Après avoir difficilement fréquenté la F1 durant cinq saisons entre 1987 et 1992, Gabriele Tarquini a roulé sa bosse dans tous les championnats réservés aux voitures de tourisme. En 1994, il décroche le titre dans le BTCC (Championnat anglais des voitures de tourisme) avec Alfa Romeo. Il se partage ensuite entre le BTCC et le STC (Championnat allemand des voitures de tourisme) avant de remporter un second titre, en 2003, toujours avec Alfa mais cette fois en ETCC, le championnat européen des voitures à essuie-glace. Il poursuit sa carrière chez Seat, chez Honda et même chez Lada. A 55 ans, il retrouve une nouvelle jeunesse en signant avec Hyundai pour participer au nouveau championnat du monde des voitures de tourisme (WTCR).
“Les Coréens m’ont demandé combien de temps il me faudrait pour développer une Hyundai i30 capable de s’imposer, nous raconte le sémillant Italien originaire des Abruzzes. Et lorsque j’ai demandé six mois pour être au point, ils ont tout de suite accepté. Je ne sais pas si vous vous rendez compte mais il n’y a, aujourd’hui, plus aucune marque impliquée en sport automobile qui vous laisserait six mois pour développer une voiture de course. Tout doit désormais aller très vite et on tente, la plupart du temps, de mettre l’auto au point lors des premières courses…”

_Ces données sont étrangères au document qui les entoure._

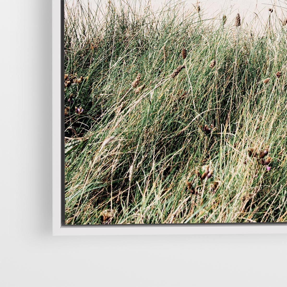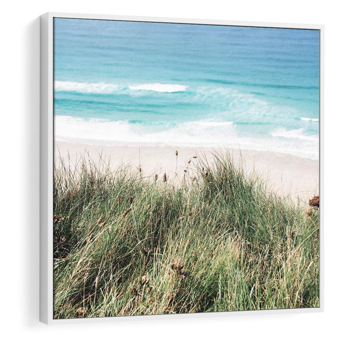 Obraz w ramie 50x50 - Harmonia Natury - widok z wydm, wydmy porośnięte trawami - rama biała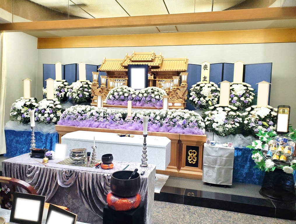 大和斎場には4つの葬儀式場があり、いずれの式場にも立派な白木祭壇が常設されています。

C’est cette manière de faire, cette mentalité de finisseur qui a réussi à motiver Gabriele pour repartir de zéro à un âge où la plupart des gens tendent à la tranquillité, à finir leur carrière de manière confortable.
“J’ai toujours aimé les défis et celui-là en était un beau. Lorsqu’on a mis l’auto sur la piste, à la fin de la saison 2017 du TCR International, on a tout de suite compris qu’elle allait être parmi les meilleures en WTCR. Notre i30 est engagée par le BRC Racing Team et en Chine, je remporte la première course à laquelle on participe. Bref, on se sent prêt pour 2018. Mon début de saison est parfait puisque je marque de gros points au Maroc, en Allemagne et au Portugal mais la compétition est particulièrement serrée et lorsqu’arrive le dernier rendez-vous, à Macao, nous sommes sept à pouvoir encore remporter le championnat. Je suis en tête mais Yvan Muller, pilote Hyundai lui aussi mais avec son écurie YMR, m’a repris 36 points en trois courses.”
Une situation tendue qui ne devait pas trop effrayer ce vieux loup de la compétition automobile…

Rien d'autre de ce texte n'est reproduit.